Problem statement –
Your reply should consist only of the lines from the one with "Muślinowa chusta z" through the end of the entries, transcribed exactly. Pictures stay out.

[Entries supplied — start]

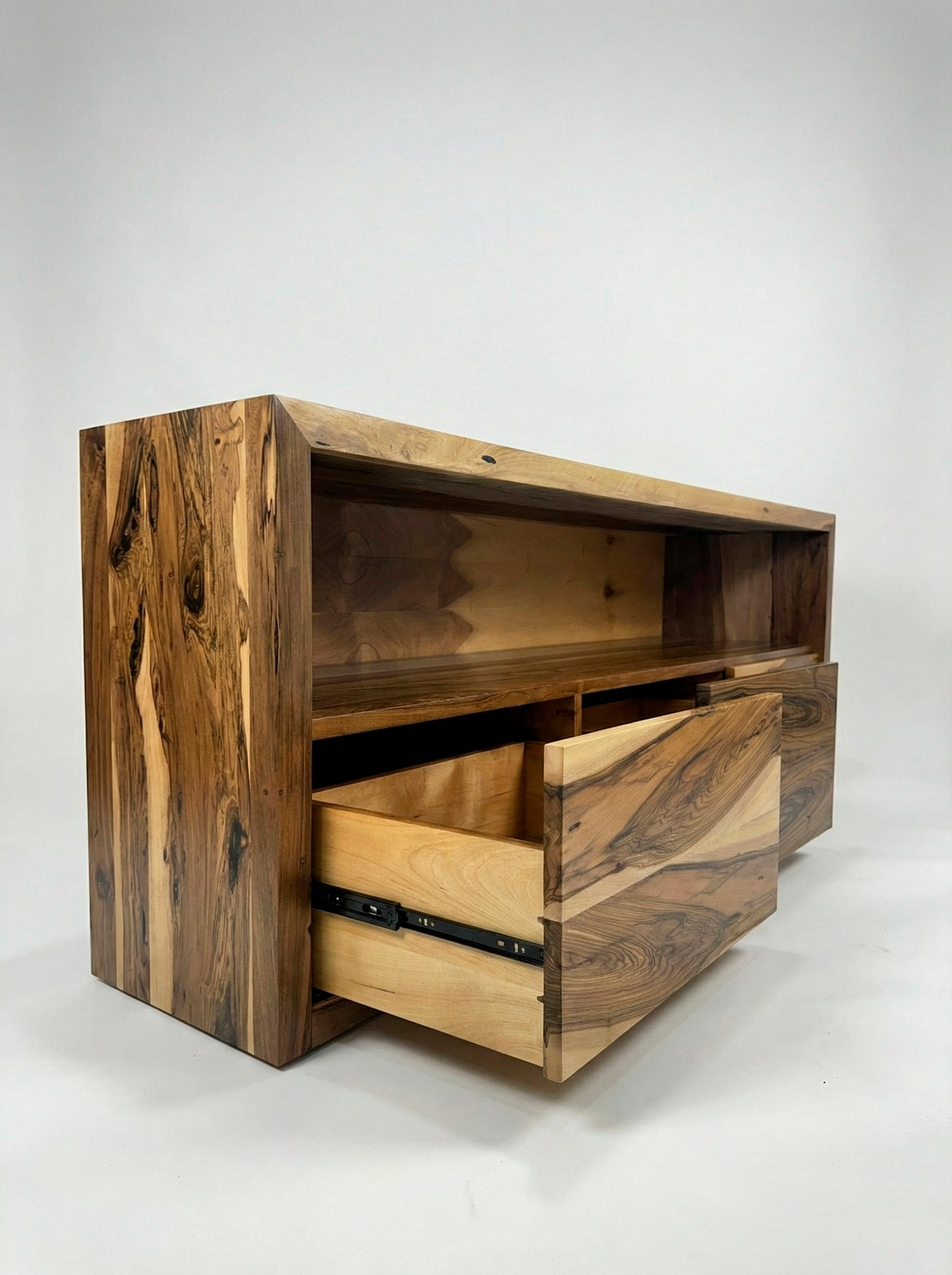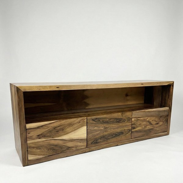 Su diseño se destaca por un amplio estante superior de nicho abierto, ideal para consolas, decodificadores o barras de sonido, y tres amplios cajones inferiores con guías telescópicas que garantizan un deslizamiento suave y silencioso. Lo que realmente lo hace especial es la selección de la madera: la Guayubira es famosa por su veta salvaje y contrastada, con tonos que van desde el crema hasta el chocolate oscuro, asegurando que cada mueble sea una pieza única e irrepetible.
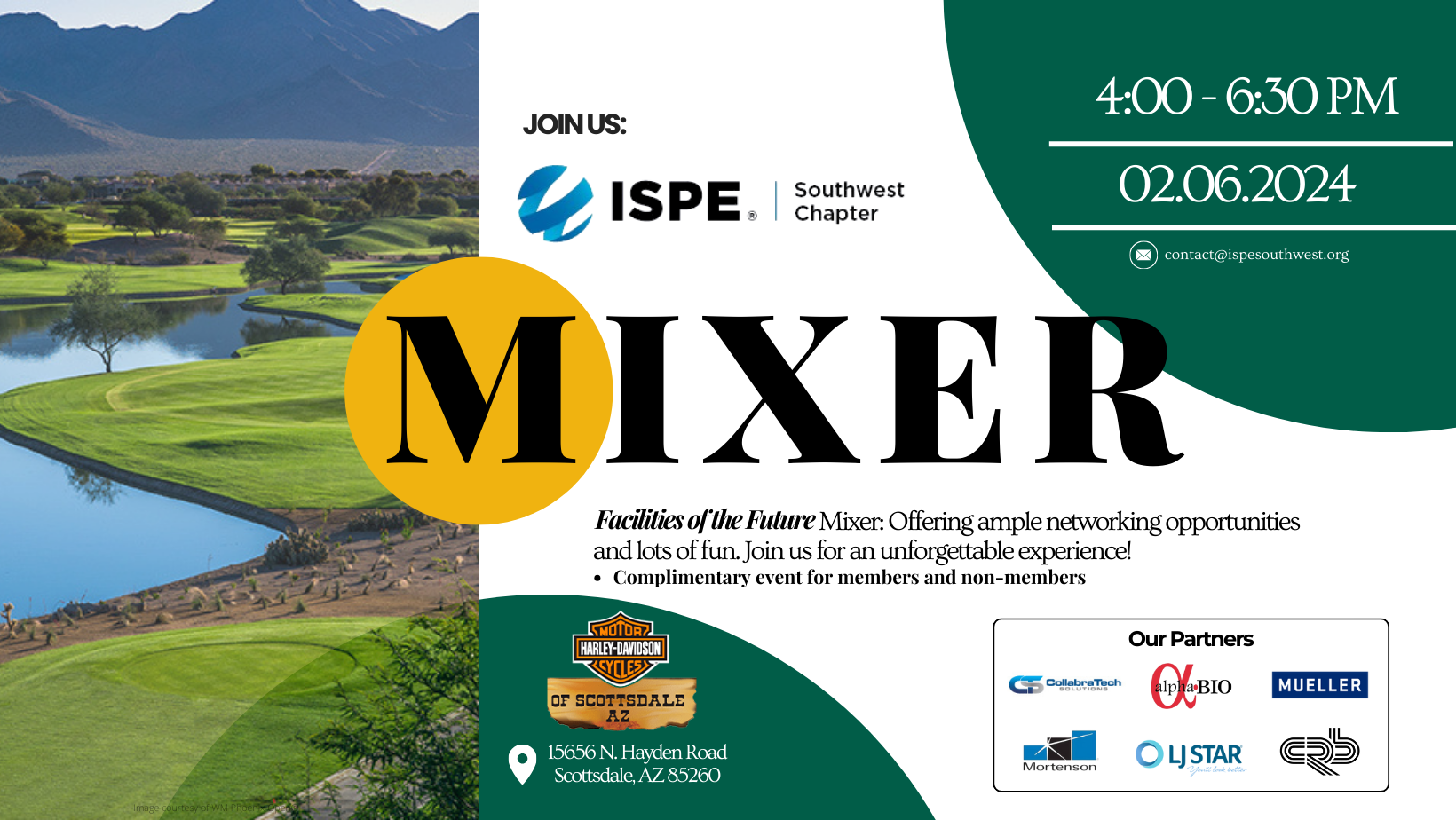 ISPE Southwest Chapter Phoenix Open mixer- Feb 6, 4-6:30 at Scottsdale’s world-famous Harley Davidson facility.
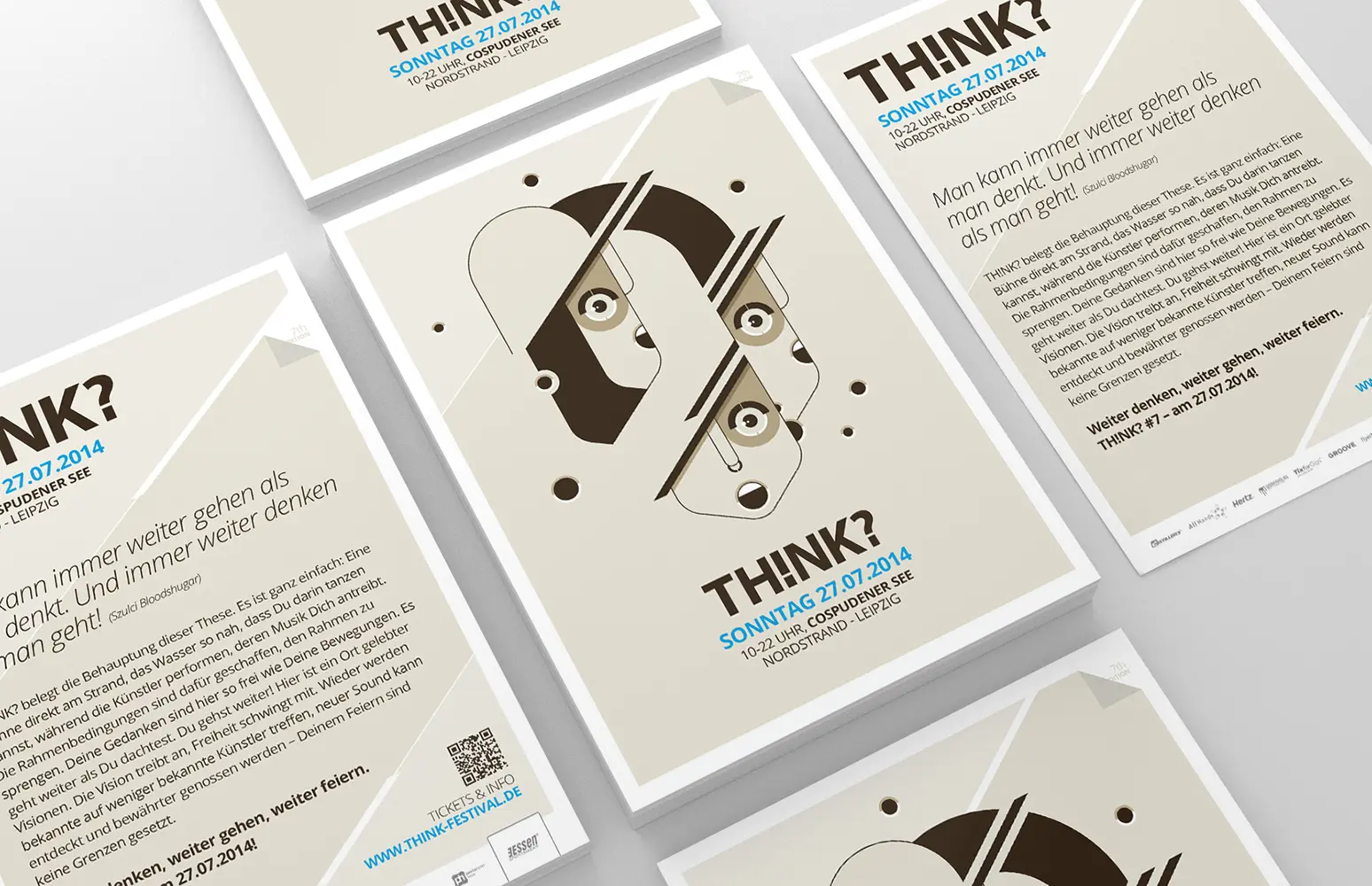 Das Th!nk? Festival gehört zu den größten elektronischen Musikveranstaltungen in Sachsen und zieht einmal im Jahr tausende an den Nordstrand am Cospudener See. 2014 waren wir nun bereits das vierte Mal verantwortlich für das gesamte grafische Erscheinungsbild, die Onlinepräsentation, das Branding sowie das Leitsystem vor Ort.
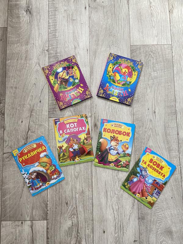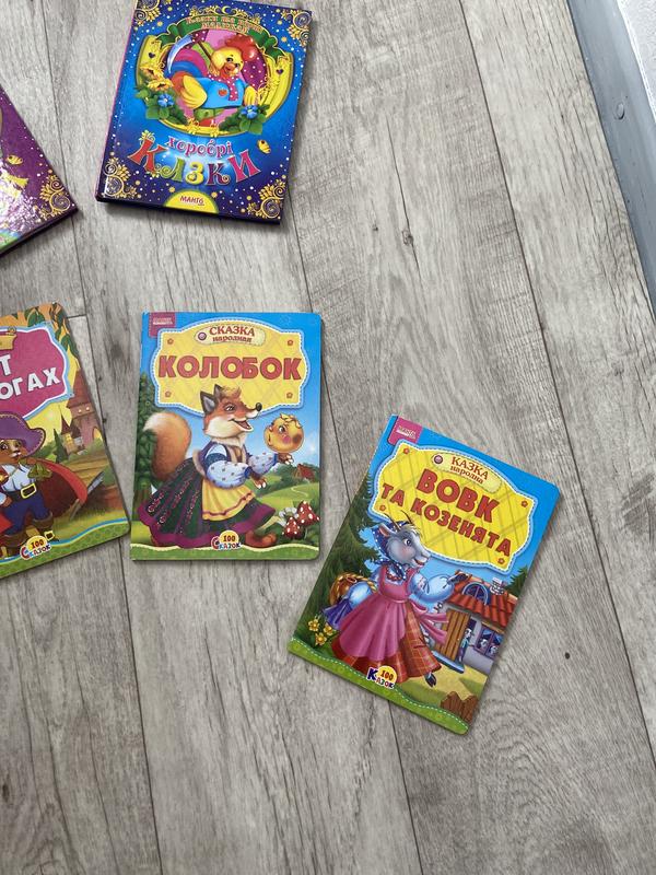 В ідеальному стані ✅Рукавичка ( рос.мова ) 35 грн❌Кот в сапогах ( рос.мова ) 35 грн❌Колобок (рос.мова) 35 грн✅Вовк та козеня (укр.мова) 35 грн ❌Народні казки (укр.мова) збірник 4 казки 55грн❌Хоробрі казки (укр.мова) збірник 4 казки 55 грн
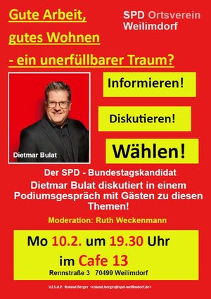Diese Themen bewegen die Menschen. „Wie geht es mit unserer Wirtschaft weiter? Wie schaffen wir mehr Wohnraum in Ballungsgebieten? „ Bei einer Podiumsdiskussion am Mo 10.2. um 19.30 Uhr im Cafe 13 (Rennstraße 3) haben Sie die Gelegenheit die Meinung unseres SPD Bundestagskandidaten Dietmar Bulat zu hören und ihre Fragen zu stellen.
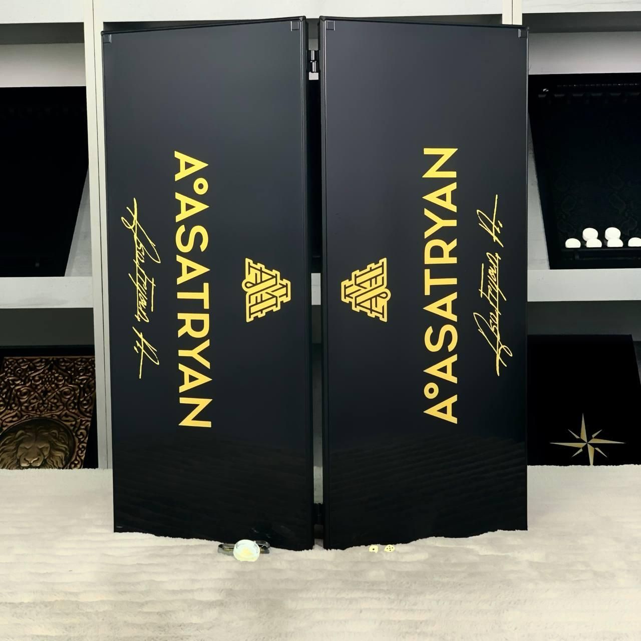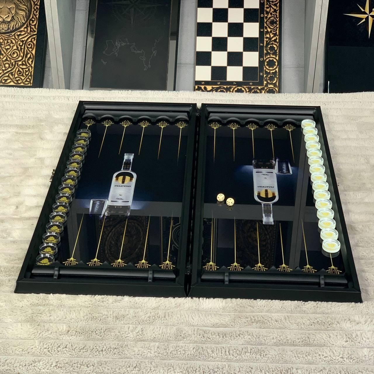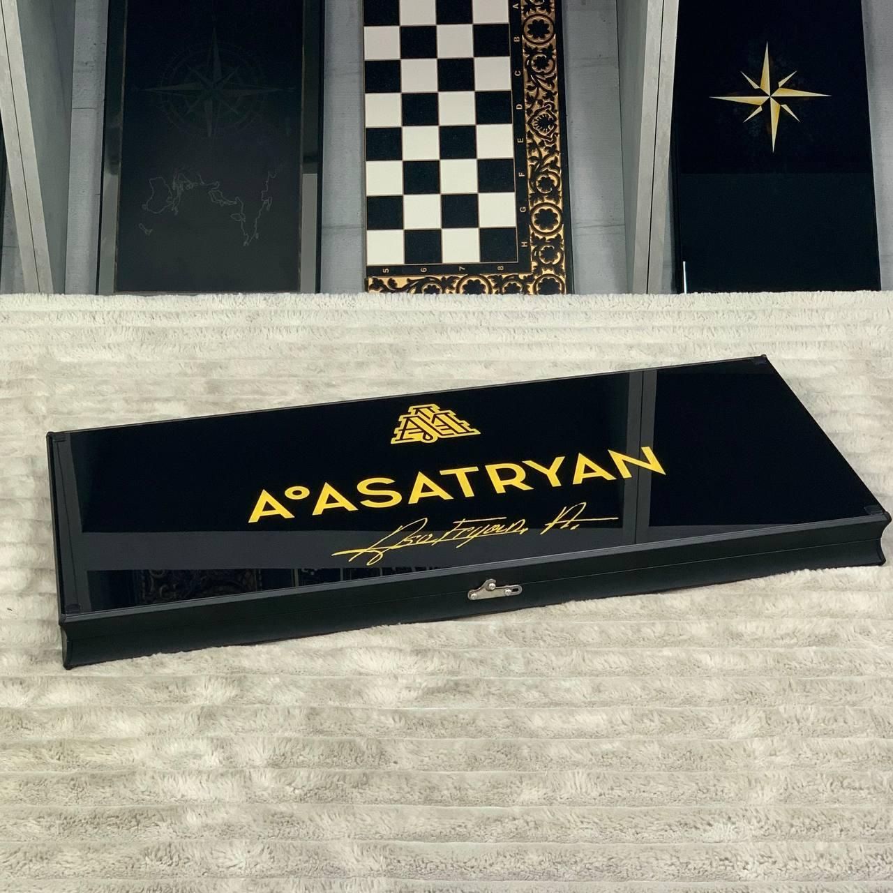Стеклянные нарды в алюминиевом каркасе 61х27 см. Эксклюзивные нарды с УФ-печатью и фишками из эпоксидной смолы.
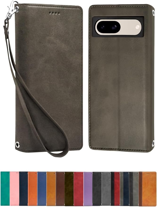 シズカウィル Google Pixel 8a ケース カバー 手帳型 本革調 レザーケース グレー 1個入り
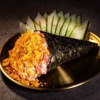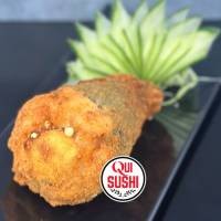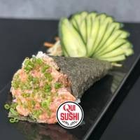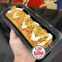 Hot frito inteiro, recheado com arroz japonês e cream cheese, depois aberto ao meio e recheado com 100g de salmão fresco em cubos, finalizado com cream cheese e crispy de couve manteiga. Acompanha: 1 potinho de molho tarê e 3 sachês de molho shoyu premium.
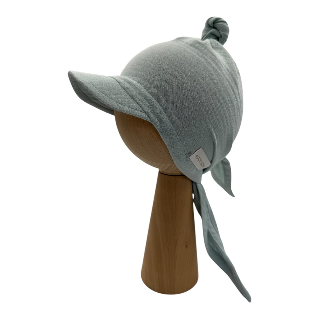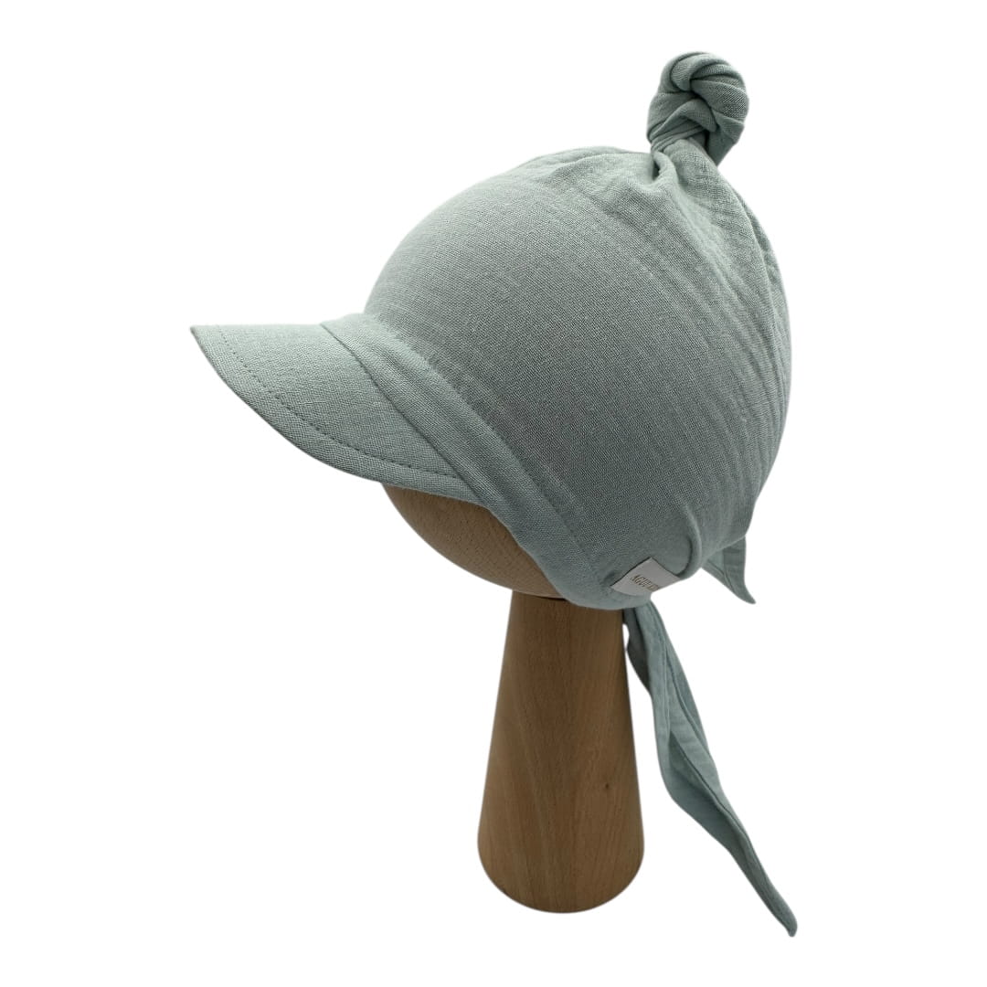 Muślinowa chusta z daszkiem wiązana kolor szałwiowy
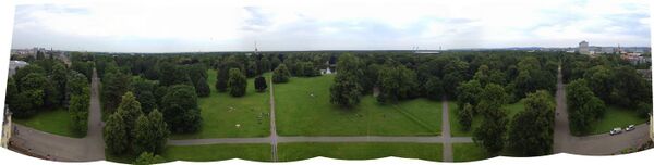 The city was planned with the palace tower (Schloss) at the center and 32 streets radiating out from it like the spokes of a wheel, or the ribs of a folding fan, so that one nickname for Karlsruhe in German is the "fan city" (Fächerstadt). Almost all of these streets survive to this day. Because of this city layout, in metric geometry, Karlsruhe metric refers to a measure of distance that assumes travel is only possible along radial streets and along circular avenues around the centre.[5]
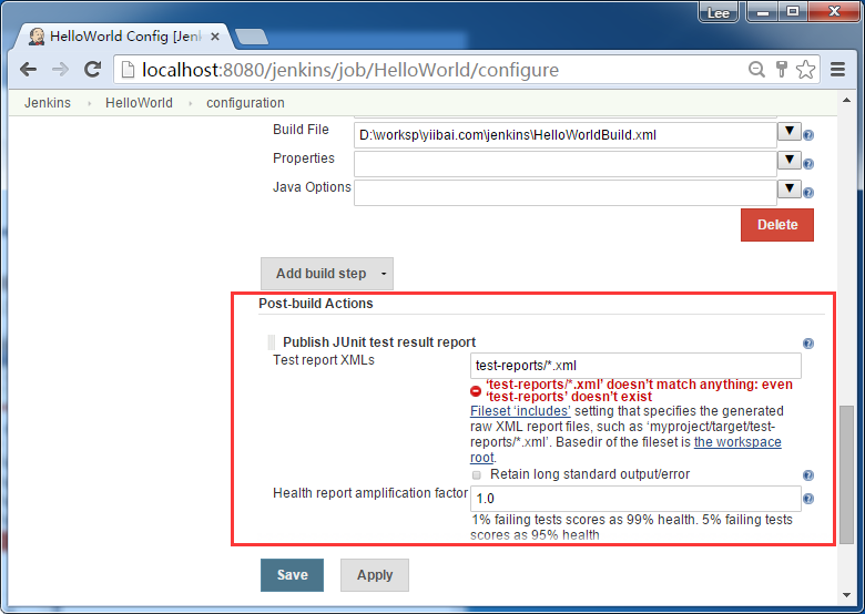 第6步 - 在测试报告XML,进入如下图所示的位置。确保报表是其在 Hello World 项目工作区创建的文件夹中。“*.xml” 主要是告诉Jenkins 这是由JUnit测试用例运行产生的结果XML文件。然后被转换成以后可以查看报告的 XML 文件。完成后,单击在最后保存(Save)选项。
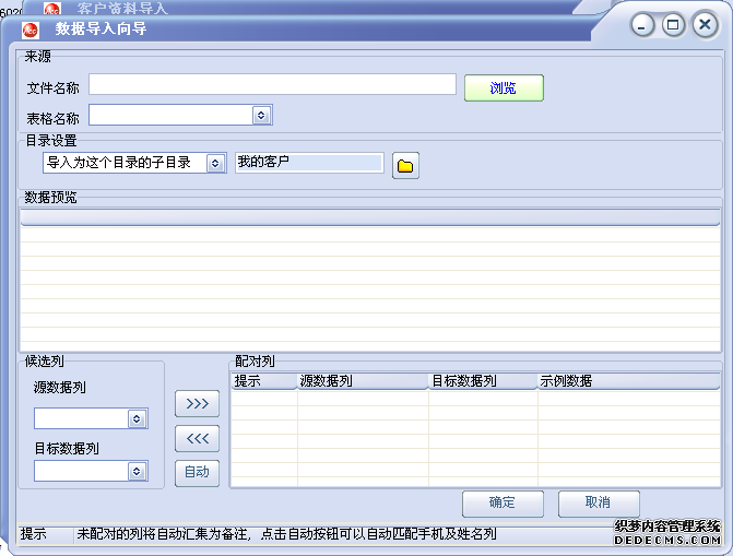 一個配對:當從源列中選擇一字段和目標列中選擇一字段后就構成一個配對,意思就是將源中的字段內容導入時導到目標字段中去。
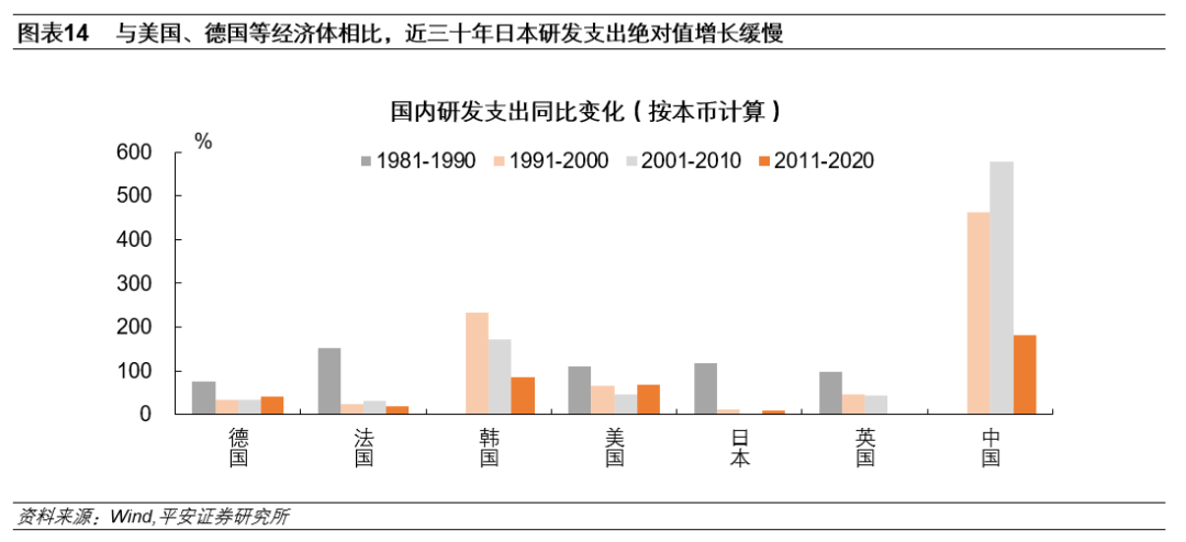 五是,1990年代初日本房地产泡沫破灭后,企业陷入“资产负债表衰退”,不仅设备投资意愿低迷,在研发方面的支出也停滞不前。1981年至1990年期间,日本国内研发支出增长了118.6%,增速高于美国(109.5%)、英国(99.1%)、德国(75.3%)。但资产泡沫破裂后的1991年-2000年,日本国内研发支出仅增长了11.1%,远低于同期的韩国(223.0%)、美国(67.0%)、英国(46.0%)、德国(34.3%)等。进入21世纪后,日本研发支出同样停滞不前,2001年至2010年期间甚至仅增长1.0%。

[Entries supplied — finish]

Response to this task –
 Muślinowa chusta z daszkiem wiązana kolor szałwiowy
 The city was planned with the palace tower (Schloss) at the center and 32 streets radiating out from it like the spokes of a wheel, or the ribs of a folding fan, so that one nickname for Karlsruhe in German is the "fan city" (Fächerstadt). Almost all of these streets survive to this day. Because of this city layout, in metric geometry, Karlsruhe metric refers to a measure of distance that assumes travel is only possible along radial streets and along circular avenues around the centre.[5]
 第6步 - 在测试报告XML,进入如下图所示的位置。确保报表是其在 Hello World 项目工作区创建的文件夹中。“*.xml” 主要是告诉Jenkins 这是由JUnit测试用例运行产生的结果XML文件。然后被转换成以后可以查看报告的 XML 文件。完成后,单击在最后保存(Save)选项。
 一個配對:當從源列中選擇一字段和目標列中選擇一字段后就構成一個配對,意思就是將源中的字段內容導入時導到目標字段中去。
 五是,1990年代初日本房地产泡沫破灭后,企业陷入“资产负债表衰退”,不仅设备投资意愿低迷,在研发方面的支出也停滞不前。1981年至1990年期间,日本国内研发支出增长了118.6%,增速高于美国(109.5%)、英国(99.1%)、德国(75.3%)。但资产泡沫破裂后的1991年-2000年,日本国内研发支出仅增长了11.1%,远低于同期的韩国(223.0%)、美国(67.0%)、英国(46.0%)、德国(34.3%)等。进入21世纪后,日本研发支出同样停滞不前,2001年至2010年期间甚至仅增长1.0%。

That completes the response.